The screened optimal model variables comprise BNDVI, NDMI, NDVI, SAVI, DEM, distance, MAP, MAT, position, soil linearity and SoilGrids, and the total number of 11 optimal model variables.

And 5: construction, optimization and evaluation of coastal zone soil organic carbon reserve simulation and prediction enhanced regression tree model

Constructing a reinforced regression tree model (BRT model) for estimating and predicting the organic carbon reserves of the coastal zone soil based on the R language dismo package gbm.step function by using the model training sample data set prepared in the step 3;

the coastal zone spatial distribution data is selected from various conventional coastal zone data products with high spatial resolution, such as Sun et al, (2020), national Earth systems science data center (http:// www.geodata. Cn /); soil organic carbon sampling point data are obtained by literature acquisition and field sampling analysis.

The parameter optimization of the enhanced regression tree (BRT) model adopts a step-by-step simulation test method, and when three key parameters, namely the learning rate (lr), the tree complexity (tc) and the bagging ratio (bg), are optimal, the optimal BRT model is determined. And setting the model error distribution as Poisson distribution, and verifying and evaluating the constructed and optimized optimal BRT model through ten-layer cross verification (10-fold cv).

Step 6: coastal zone soil organic carbon reserve simulation

And (3) taking the 11 optimal model variable data obtained in the step (2) as input, and simulating and obtaining the 10m spatial resolution coastal zone soil organic carbon storage space distribution data through the coastal zone soil organic carbon storage estimation and prediction enhanced regression tree model constructed in the step (5).

And 7: statistical analysis of organic carbon reserves in coastal zone soil

And (5) carrying out statistical analysis on the total soil organic carbon storage and the average organic carbon density of the coastal zone of the region by using the spatial distribution data of the soil organic carbon storage of the coastal zone obtained in the step (6).

Example 2

The embodiment describes a method for predicting the organic carbon storage of the coastal soil under the future climate change situation by applying the model based on the enhanced regression tree model for estimating and predicting the organic carbon storage of the coastal soil constructed in the embodiment 1.
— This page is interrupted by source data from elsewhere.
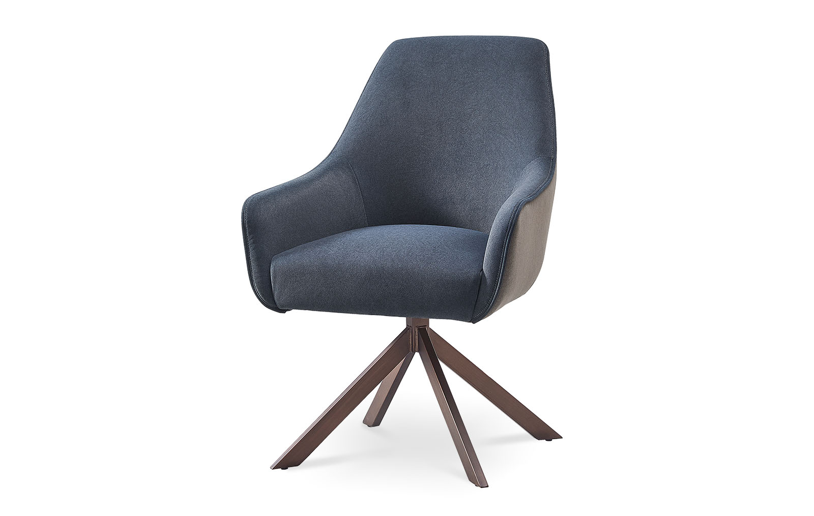 Обеденный стул Emma может вращаться на 180° и самостоятельно возвращаться в исходное положение, благодаря поворотно-возвратному механизму. Обивка стульев изготовлена из велюра в комбинации двух цветов, ножки стульев – из металла.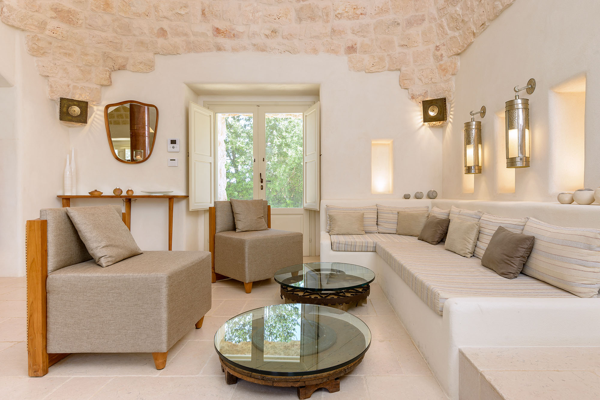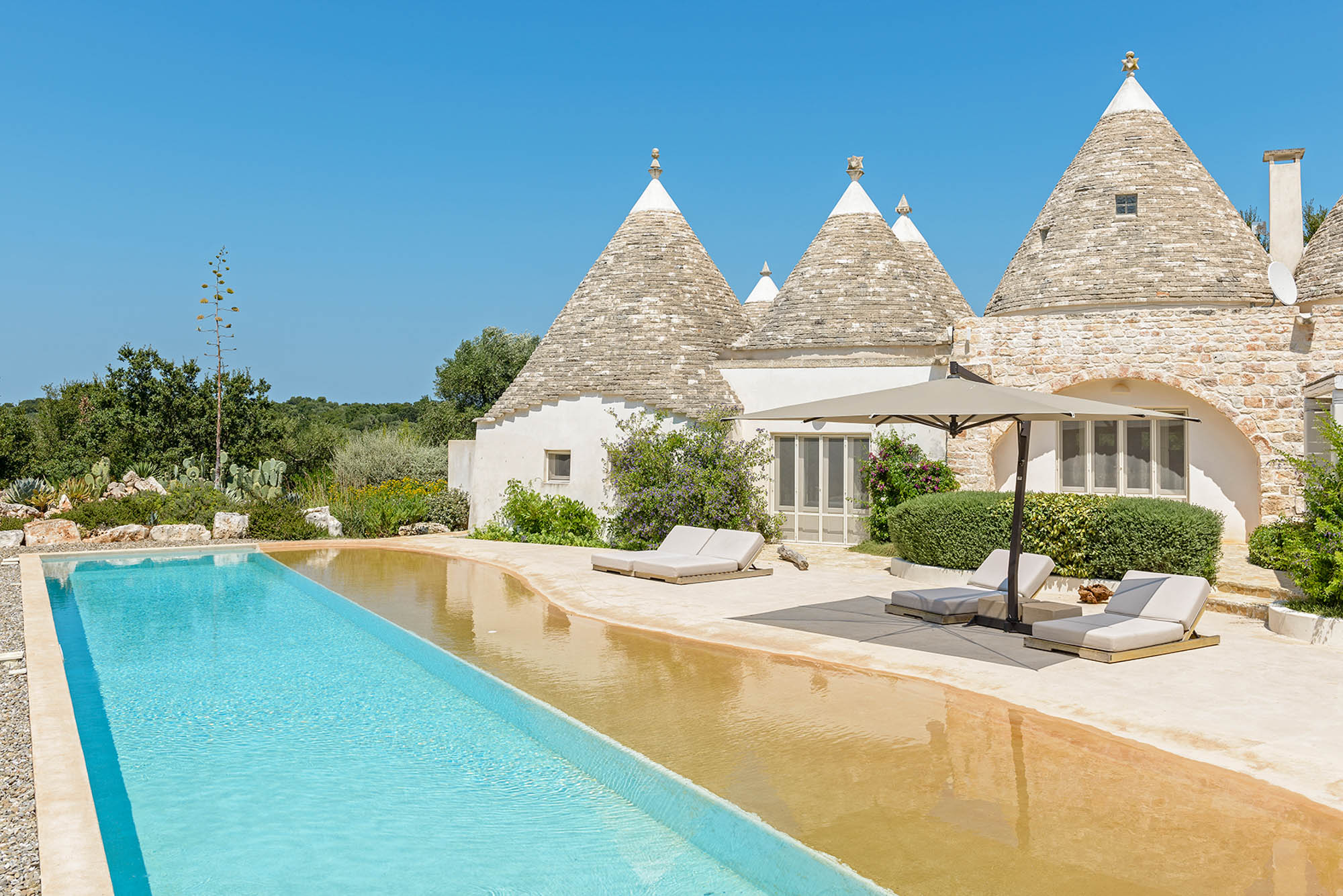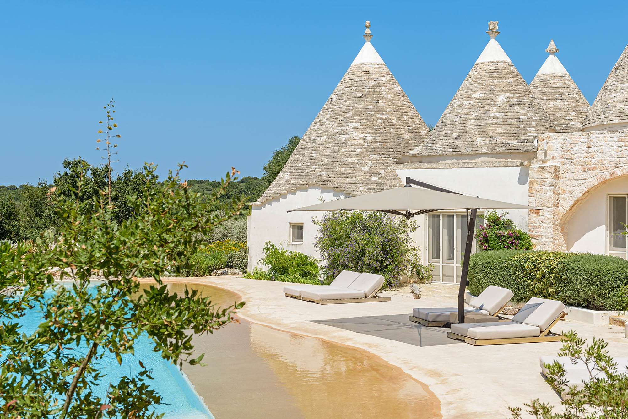 The whitewashed hill towns of Ostuni, Ceglie Messapica, Cisternino, and Martina Franca are within easy reach and are renowned for their charm and exceptional cuisine. Several Michelin-starred restaurants are within 30 minutes, though local hidden gems rival even these. Guests have a choice of Adriatic beaches, about 25 minutes away, or Ionian beaches, around 40 minutes away, each with clear waters, sand dunes, and beachside dining. Lecce’s Baroque architecture, the Roman ruins at Egnazia, and historic coastal cathedrals are all nearby for cultural excursions.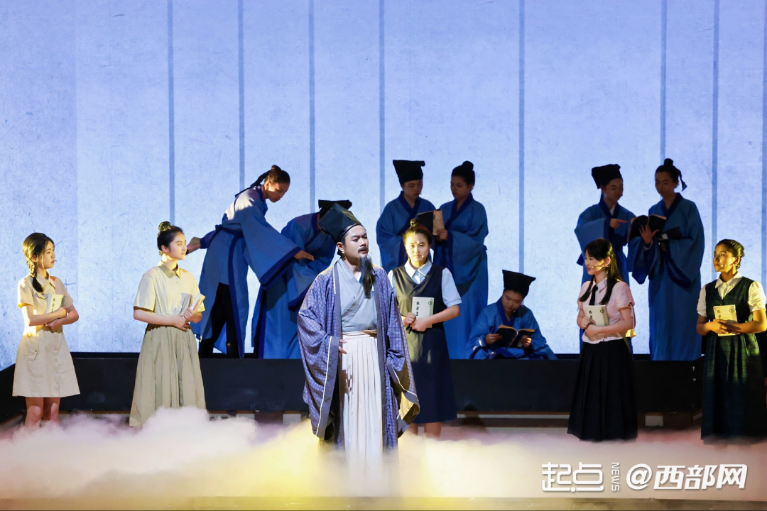 这部由陕西师范大学师生历时五年打造的原创剧目,通过四幕剧情与古今对话的创新形式,生动再现北宋大儒张载“为天地立心”的哲思历程,首演吸引800余名师生到场观看。

A high spatial resolution coastal zone soil organic carbon reserve prediction method comprises the following steps:

steps 1 to 5 are the same as steps 1 to 5 in embodiment 1, and are not described herein again.
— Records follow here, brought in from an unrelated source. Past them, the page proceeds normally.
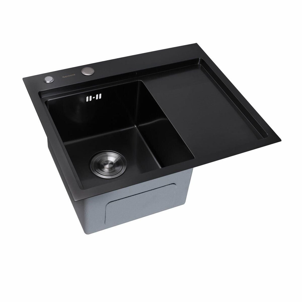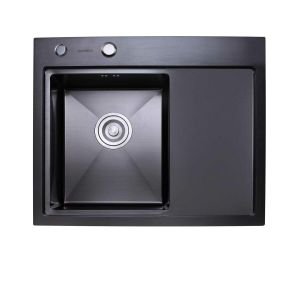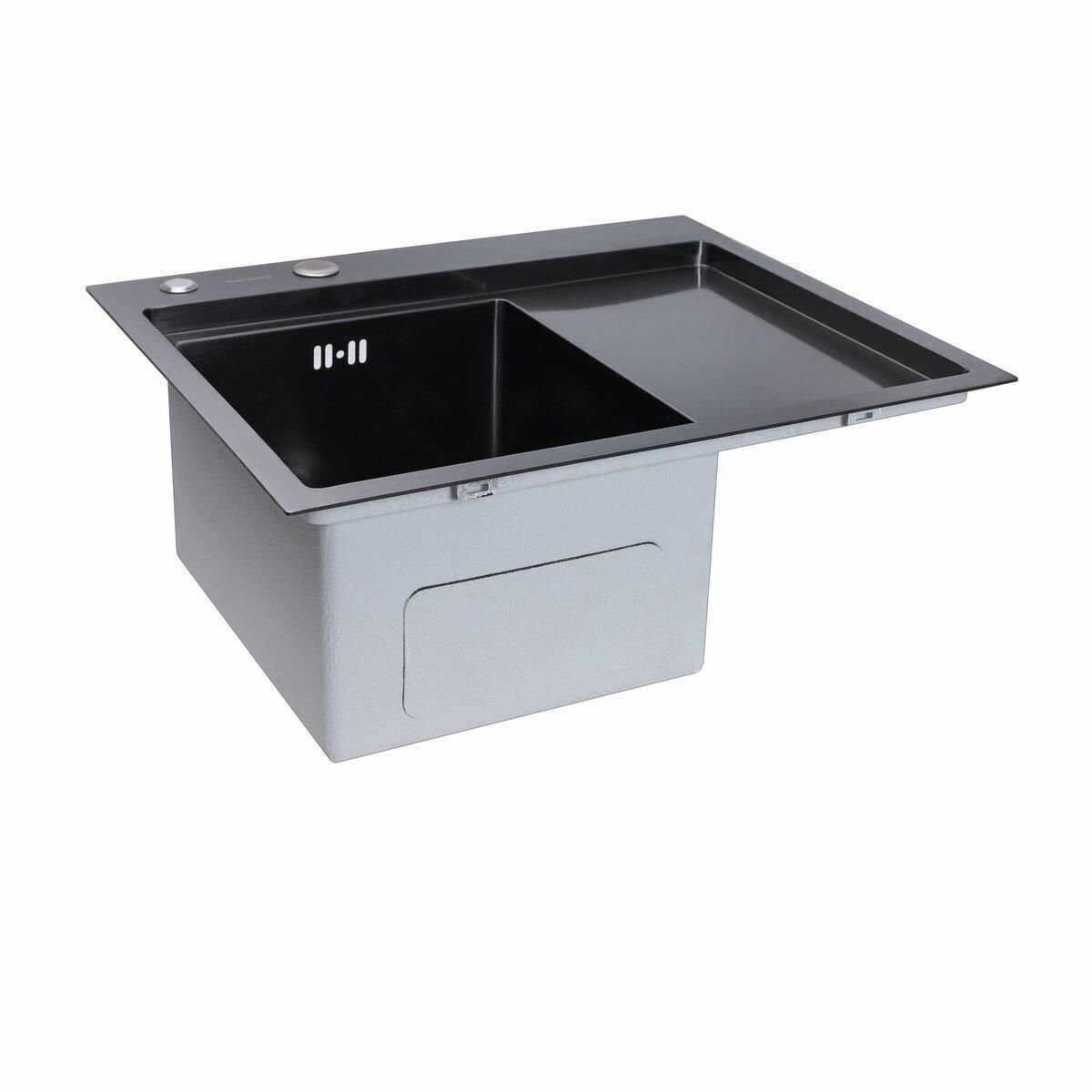Кухонная мойка PLATINUM HANDMADE 580Х480Х220 L чорна (толщина 3,0/1,5 мм корзина и дозатор в комплекте))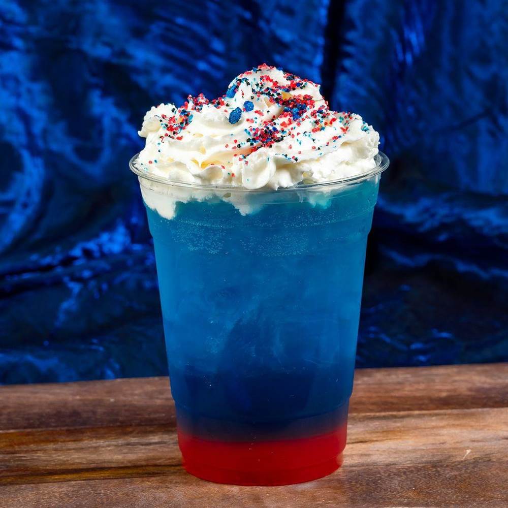 - Red, White & Blue Shake: Vanilla shake with wild cherry and blue raspberry slushies and whipped topping (Non-alcoholic)
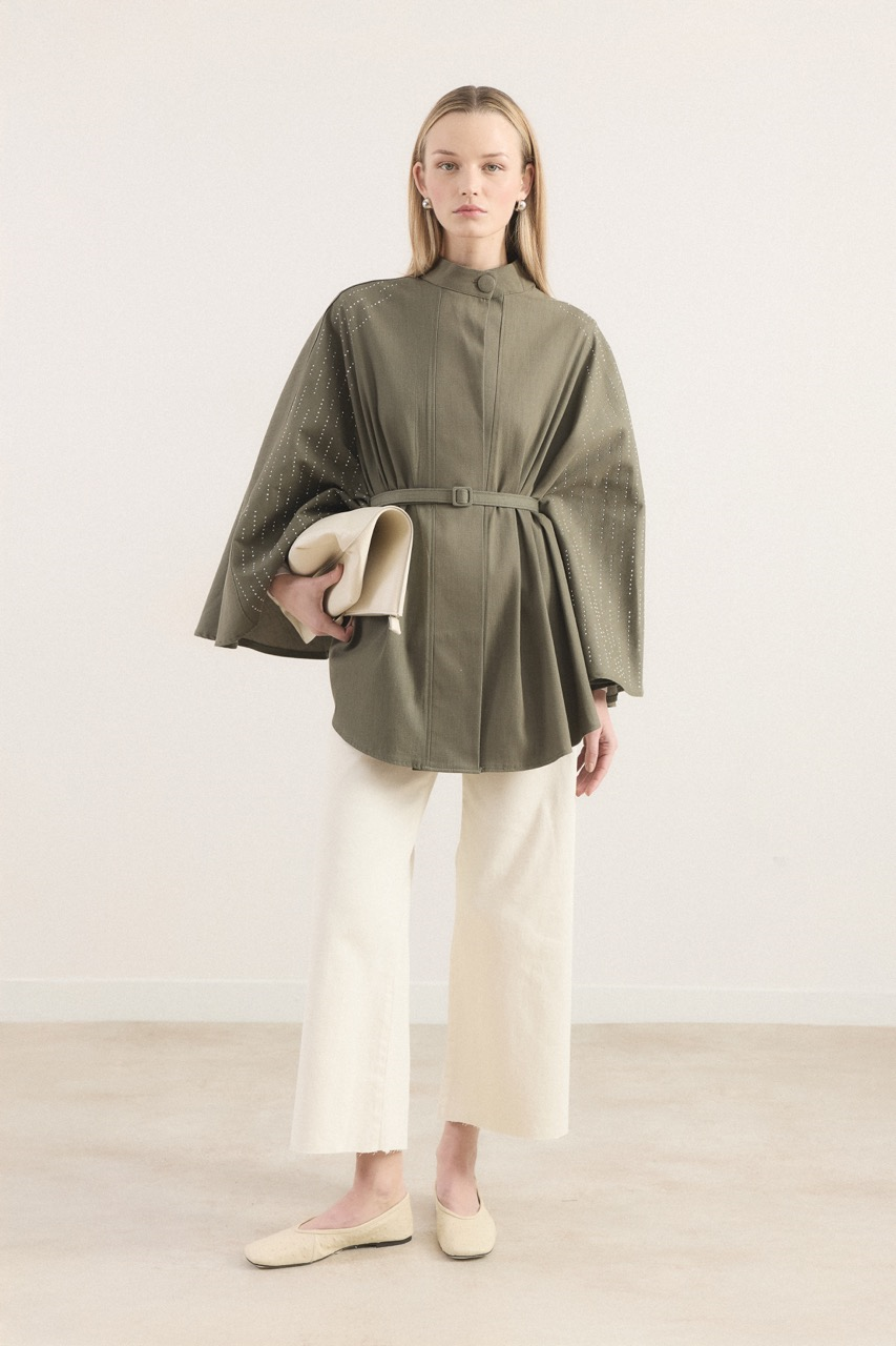 يبرز هذا البونشو بقوام الجينز العصري وتفاصيله الجذابة، مما يضيف لمسة جريئة إلى أسلوبك. تعطي تفاصيل الزينة بالحجارة للمنتج مظهرًا مشرقًا، بينما يشدد الحزام المطلي على خط الخصر لخلق صورة ظلية أنيقة. تبرز تفاصيل الزر المطلي على الياقة كعنصر مكمل للتصميم. يمكن اختياره بكل راحة لكل من الملابس اليومية وتجارب الأسلوب الخاصة.

Step 6: relative importance analysis and screening of optimal model variables

Determining the relative importance of the optimal model variables screened in the step 3 to the simulation of the organic carbon reserves of the coastal zone soil through BRT model variable important analysis and partial dependence graph (PDPs) characteristic analysis, and dividing the optimal model variables into important variables, non-important variables and stable variables;

specifically, the relative importance of the 11 optimal model variables was, in order, 19.8% (MAT), salinity (19.7%), distance (13.7), population (13.4%), BNDVI (7.6%), NDMI (6.1%), DEM (5.6%), soilGrids (4.7%), NDVI (3.6%), MAP (2.9%), and SAVI (2.8).
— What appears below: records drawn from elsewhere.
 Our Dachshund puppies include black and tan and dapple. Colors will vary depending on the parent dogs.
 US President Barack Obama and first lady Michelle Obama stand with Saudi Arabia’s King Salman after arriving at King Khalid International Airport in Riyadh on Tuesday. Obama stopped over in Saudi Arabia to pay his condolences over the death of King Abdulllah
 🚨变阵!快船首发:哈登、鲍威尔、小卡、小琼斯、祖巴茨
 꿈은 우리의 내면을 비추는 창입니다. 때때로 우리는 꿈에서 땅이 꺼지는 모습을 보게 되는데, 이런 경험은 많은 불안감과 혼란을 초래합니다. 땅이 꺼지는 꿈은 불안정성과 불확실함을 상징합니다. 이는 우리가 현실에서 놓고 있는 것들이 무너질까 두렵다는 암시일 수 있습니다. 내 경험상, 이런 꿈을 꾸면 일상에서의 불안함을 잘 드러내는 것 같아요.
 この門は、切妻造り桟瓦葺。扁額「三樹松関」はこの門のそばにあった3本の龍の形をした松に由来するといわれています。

Defining variables with relative importance greater than 10% as important variables; defining variables with relative importance less than 10% as non-important variables; defining a time-invariant small variable as a stable variable;

according to the above definition, the important variables include MAT, salinity, distance and position;

the non-essential variables include BNDVI, NDMI, DEM, soilGrids, NDVI, MAP and SAVI;

the stability variables include Distance, DEM, and SoilGrids.

And 7: obtaining and processing optimal model variable data

The stable variable adopts the existing data; adopting the years of average data of the prior satellite remote sensing for the non-important variables except the stable variable;

meteorological data (MAT) and Population data (Population) MAT and MAP data in 2061-2080 and 2081-2100 years under two situations of SSP245 and SSP585 estimated by adopting CMIP6 multi-model and estimated corresponding situations of (http:// www.nmic.cn /) and time slot Chinese Population data (https:// doi.org/10.7927/H4JW8BX 5);

soil Salinity data (Salinity) by combining collected soil sample organic carbon sample point data with model variable data preliminarily determined in the step 1 and adopting an AIC method (Akaike, 1981), the following optimal multisource linear regression model is constructed to simulate and obtain the soil Salinity data under the situations of SSP245 and SSP 585:

Salinity＝-0.0066×Elevation+8.3523×Distance-0.0173×MAP+0.3989×MAT-0.0017×Population+7.3230 (1)

and 8: coastal zone spatial distribution data acquisition under future climate change situation

According to the actual conditions of the simulated and predicted regions, the global coastal zone potential spatial distribution data under the future climate warming and sea level rising scenes developed by Schuerch et al. (2018) are adopted, or the possible coastal zone spatial distribution data under the future warming scenes are obtained by considering seawater submergence and land migration calculation on the basis of the existing coastal zone spatial distribution data according to the average sea level rising speed calculated on the basis of the actual sea level rising observation data.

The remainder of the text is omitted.